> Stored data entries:
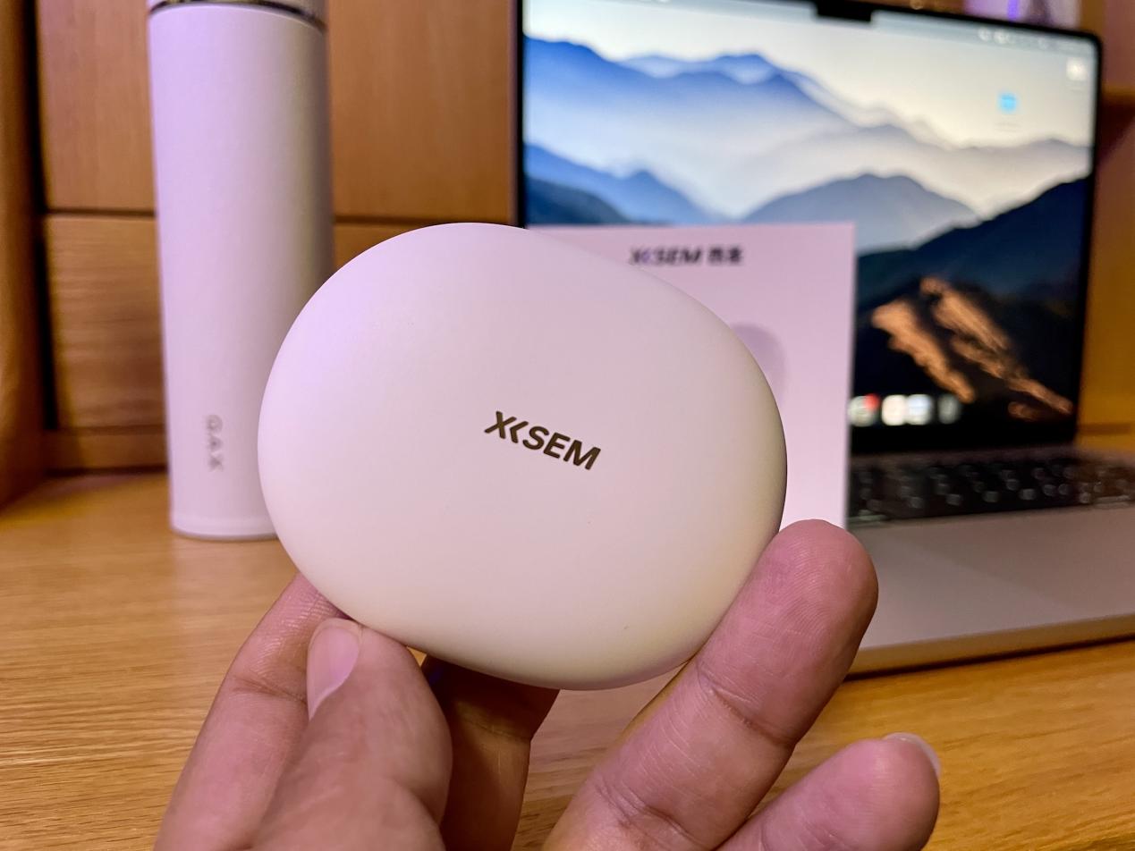 Olite2的充电盒非常小巧,圆润的设计手感很好,表面是磨砂材质,不仅防指纹,还很有高级感。充电盒的大小和一块曲奇饼干差不多,可以轻松放进口袋或包里,随身携带毫无压力。
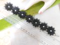 Vintage Black Lace Flower Bracelet Soft Plastic Celluloid Daisy Rhinestone Goth Mourning Mid Century Jewelry, VivianJoel.com
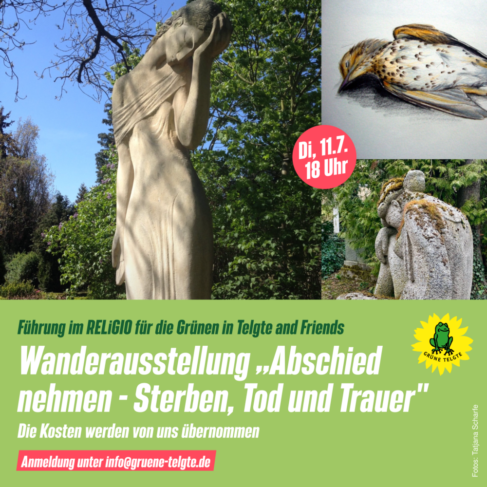 Die Führung, extra für die Grünen in Telgte and Friends, beginnt am kommenden Dienstag, 11. Juli, um 18 Uhr. Die Kosten übernimmt der grüne Ortsverband, Treffen ist direkt am Religio. Aufgrund der beschränkten Teilnehmer*innenzahl wird um Anmeldung gebeten, einfach per Mail an info@gruene-telgte.de
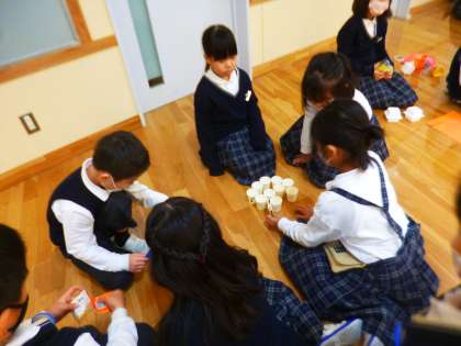 牛乳パックとゆらゆらチームです。
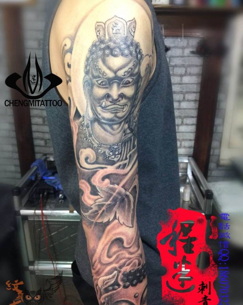 当前位置: 首页 >江西省上饶市纹身店-程迷刺青纹身图案>明王花臂纹身图片
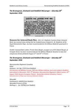 Redditch Local History Society Remembering Redditch Residents & WW1
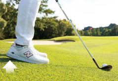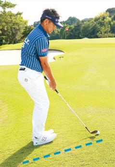 私はまず、アドレスで体とボールの距離が近くなるぶん、クラブを短く握ります。そして、両足の母趾球に体重をしっかり乗せ、前後のバランスを整えます。傾斜なりに構えるとカカト体重になってしまい、クラブがボールに届かなくなるので注意しましょう。
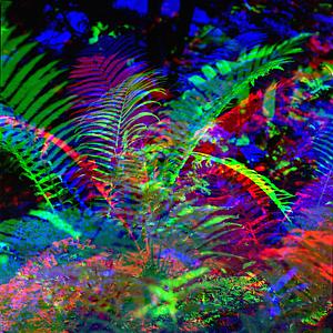 This abstract trichrome image shows ferns overlaid in a visually pleasing fashion. This image is created by combining 3 Images taken on film.
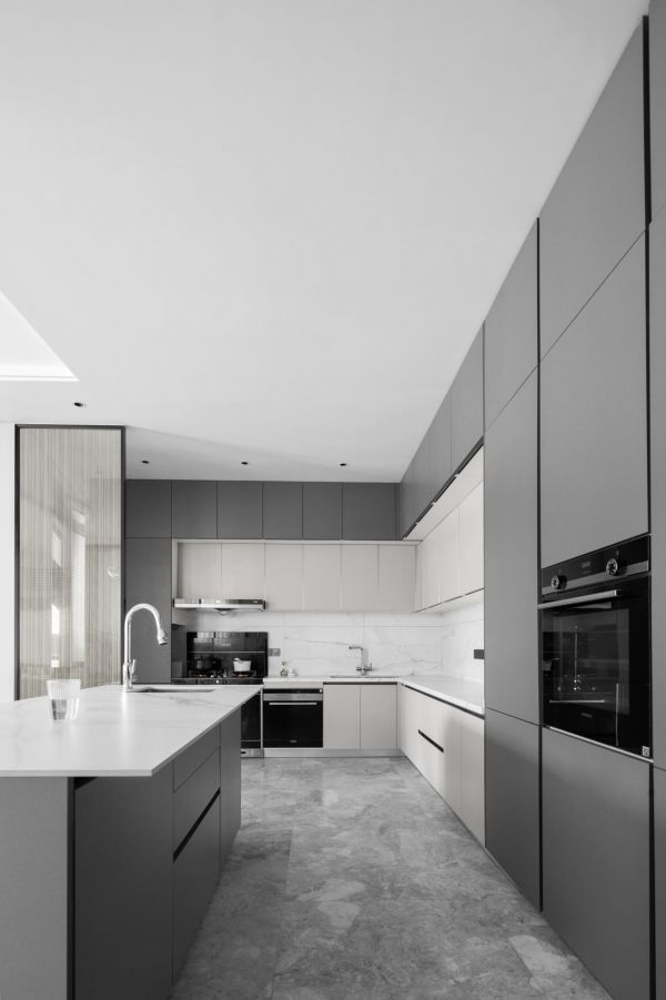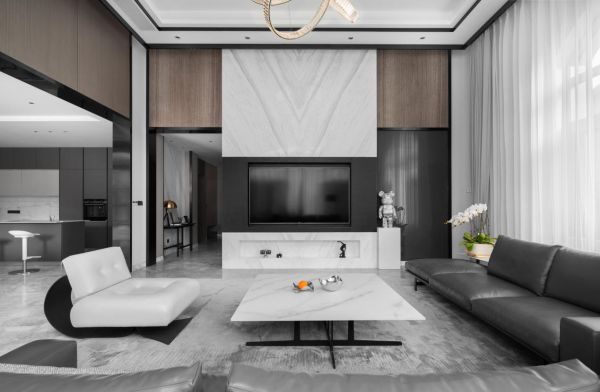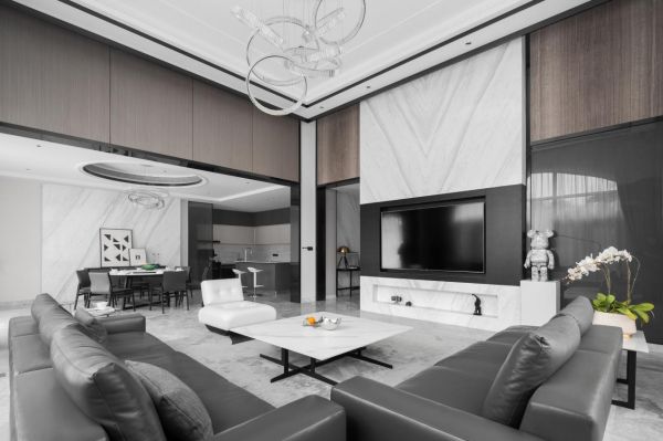高级灰风格以色彩冷静、线条简洁而不失时尚为特色,强调室内空间宽敞、内外通透,追求不受空间所限制的自由。墙面、地面、顶面及家具陈设乃至灯具器皿等均以简洁的造型、纯洁的质地、精细的工艺为特征。
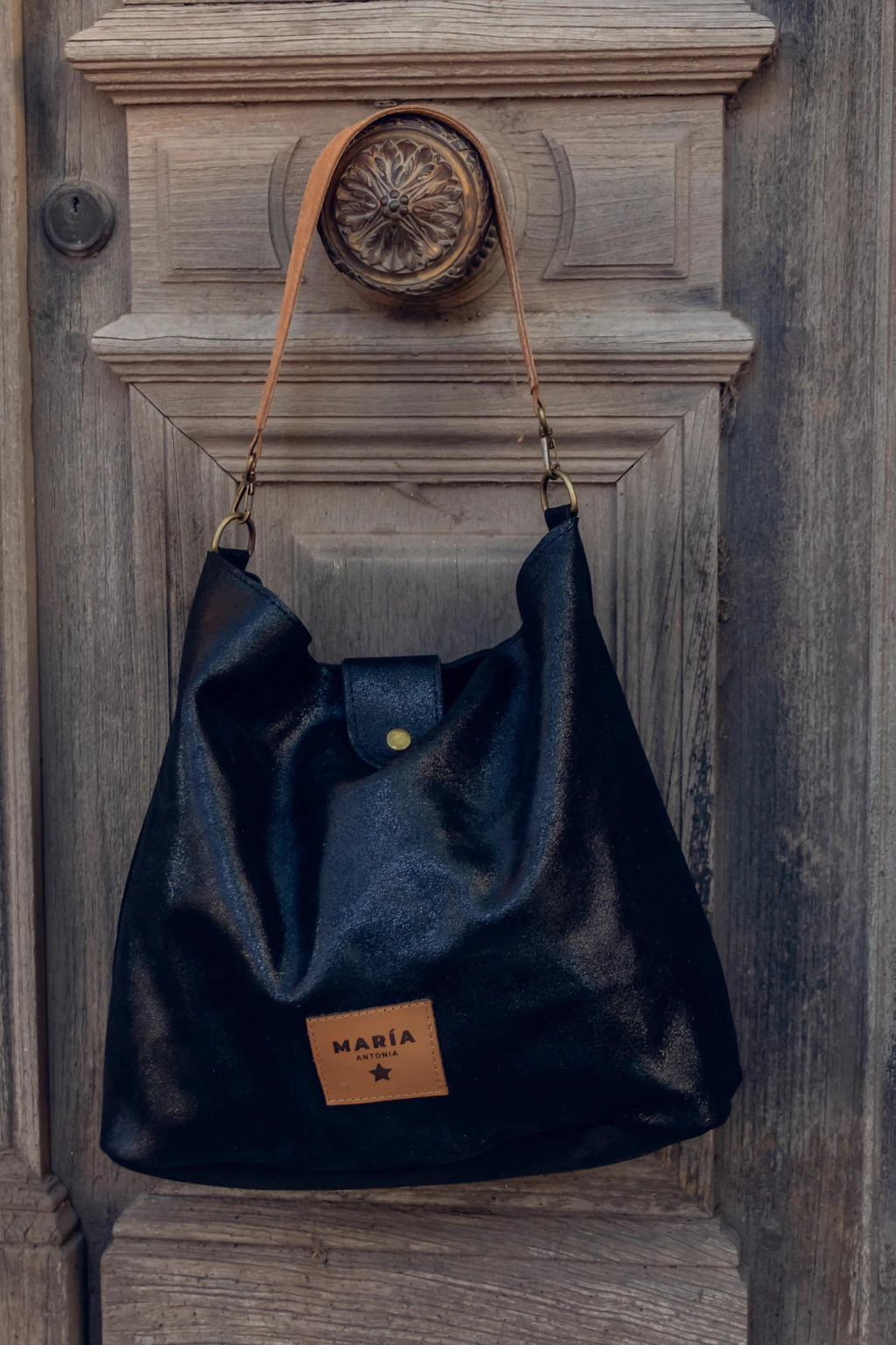 Bolso de Cuero metalizado quebrado con tapita con broche, bolsillo interno, correa en cuero suela. Bolsillo interno con cierre.
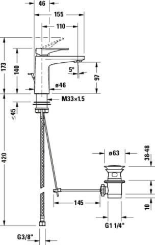 Duravit Waschtisch-Einhebelmischer Tulum S FreshStart Ausladung 110mm, mit Zugstangen-Ablaufgarnitur, chrom DUTU1011001010
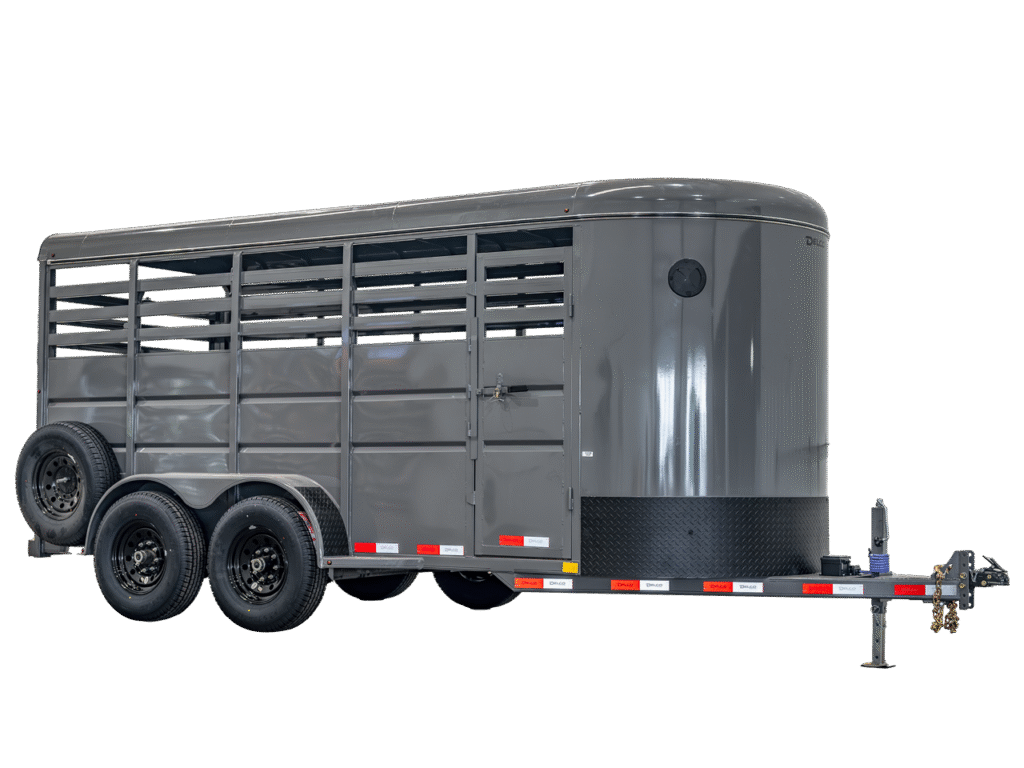 Built for the ranch, farm, and feedlot. Delco’s Bumper Pull Livestock Trailers are engineered to move cattle, hogs, sheep, and other livestock safely and efficiently. With torsion axle suspension, treated pine wood floors, full swing rear gates, and 6’6″ of interior height, these trailers are ready to work from day one. Choose from 6′ or 6’8″ wide configurations in lengths from 10 to 18 feet to match your operation.
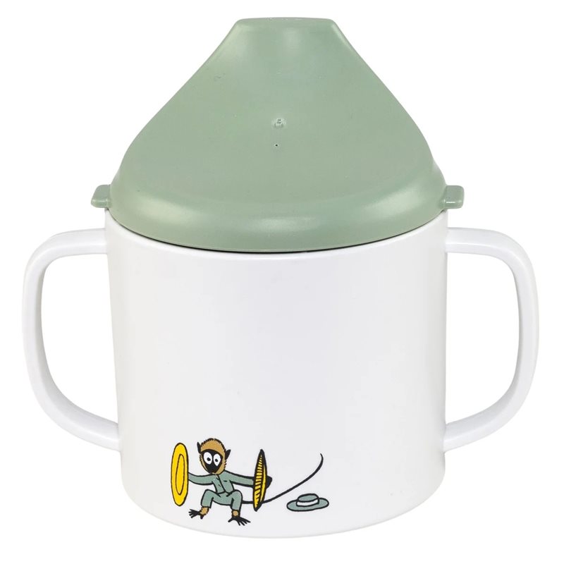 Den här fina muggen har två handtag och lock. I locket sitter en spill ej-ventil av silikon som gör att muggen kan hållas upp och ner utan att läcka. Ventilen kan enkelt tas bort och diskas. När barnet växer och inte längre behöver en spill-fri mugg tas ventilen bort så att barnet successivt kan träna på att hålla muggen rätt. Tids nog kan man tar bort locket helt. Muggen är lika snygg att använda utan lock!
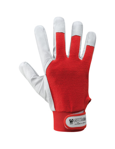 Guanti da lavoro in pelle caprina e dorso in cotone elasticizzato. Polso con chiusura in velcro. Colore variabile. Taglia secondo disponibilità.
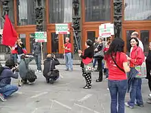 El 18 de mayo de 2010, la fachada frontal del edificio, hecha de una rara tonalita verde, fue severamente dañada por estudiantes que arrojaron piedras de granito removidas de un pavimento cercano en la entrada principal del edificio. El incidente ocurrió durante una gran protesta estudiantil contra la ley propuesta sobre la introducción de trabajos precarios que frenarían el trabajo de los estudiantes y los cambios en la política de becas.[11] Las reparaciones del edificio se estimaron en 27 000 euros.[12]
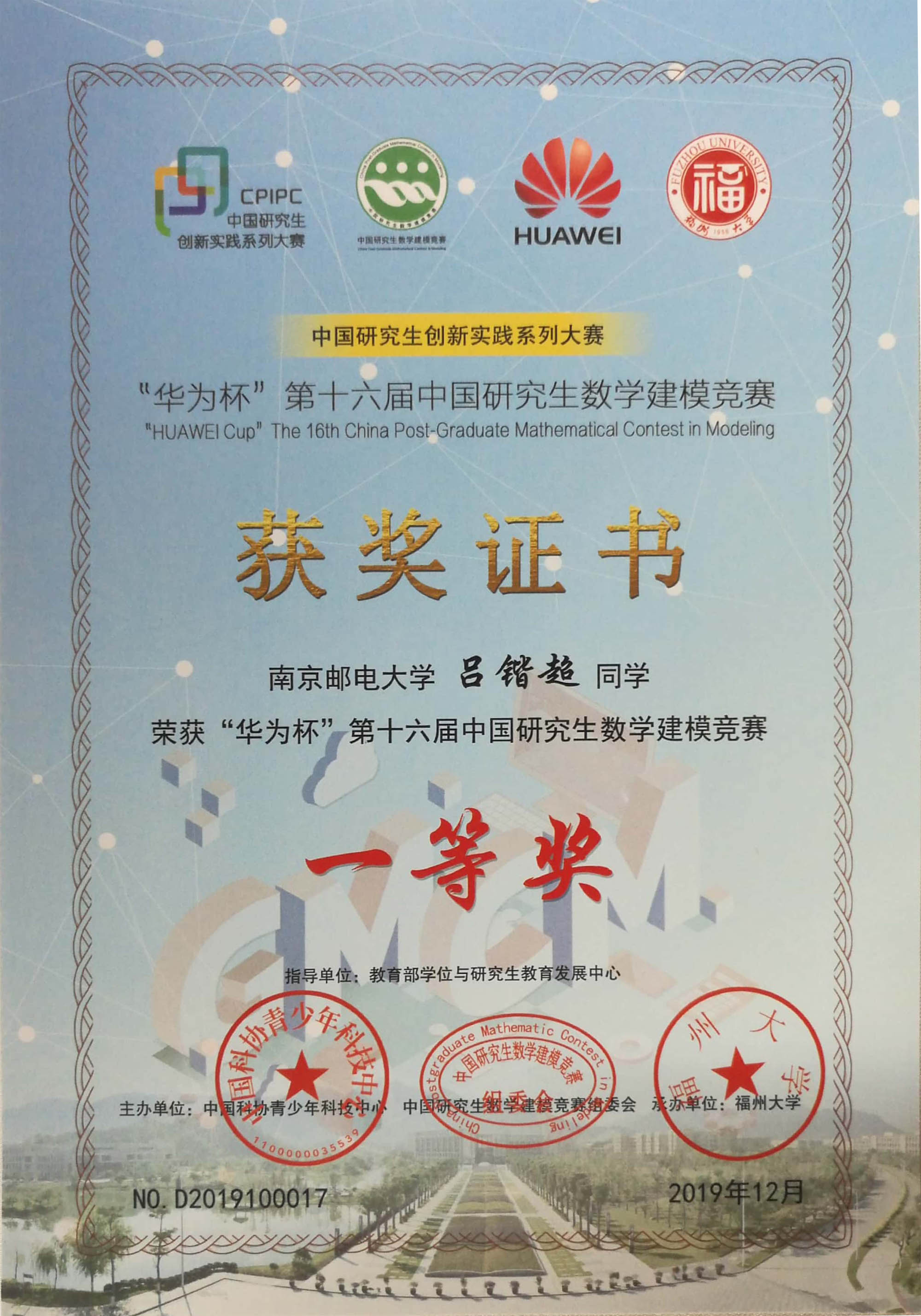 2019年11月29日-12月1日,“华为杯”第十六届中国研究生数学建模竞赛颁奖大会在福州大学进行,公司在此次竞赛中获得了一等奖1项,二等奖18项,三等奖19项的好成绩,一等奖队伍并获竞赛主办方的邀请到现场进行赛题学术交流,另外,公司荣获“华为杯”第十六届中国研究生数学建模竞赛优秀组织奖。
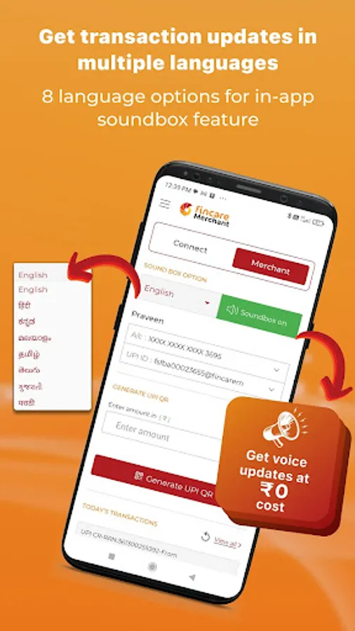 • Seamless merchant login with multiple language sound box notifications, QR code generation, and transaction history all in one app.

> What you will do:
Only the lines above starting with the line with "当前位置: 首页 >江西省上饶市纹身店-程迷刺青纹身图案>明王花臂纹身图片" and going on through the line with "私はまず、アドレスで体とボー" belong in the answer; repeat them exactly, minus any picture.

> Solution:
 当前位置: 首页 >江西省上饶市纹身店-程迷刺青纹身图案>明王花臂纹身图片
 Redditch Local History Society Remembering Redditch Residents & WW1
 私はまず、アドレスで体とボールの距離が近くなるぶん、クラブを短く握ります。そして、両足の母趾球に体重をしっかり乗せ、前後のバランスを整えます。傾斜なりに構えるとカカト体重になってしまい、クラブがボールに届かなくなるので注意しましょう。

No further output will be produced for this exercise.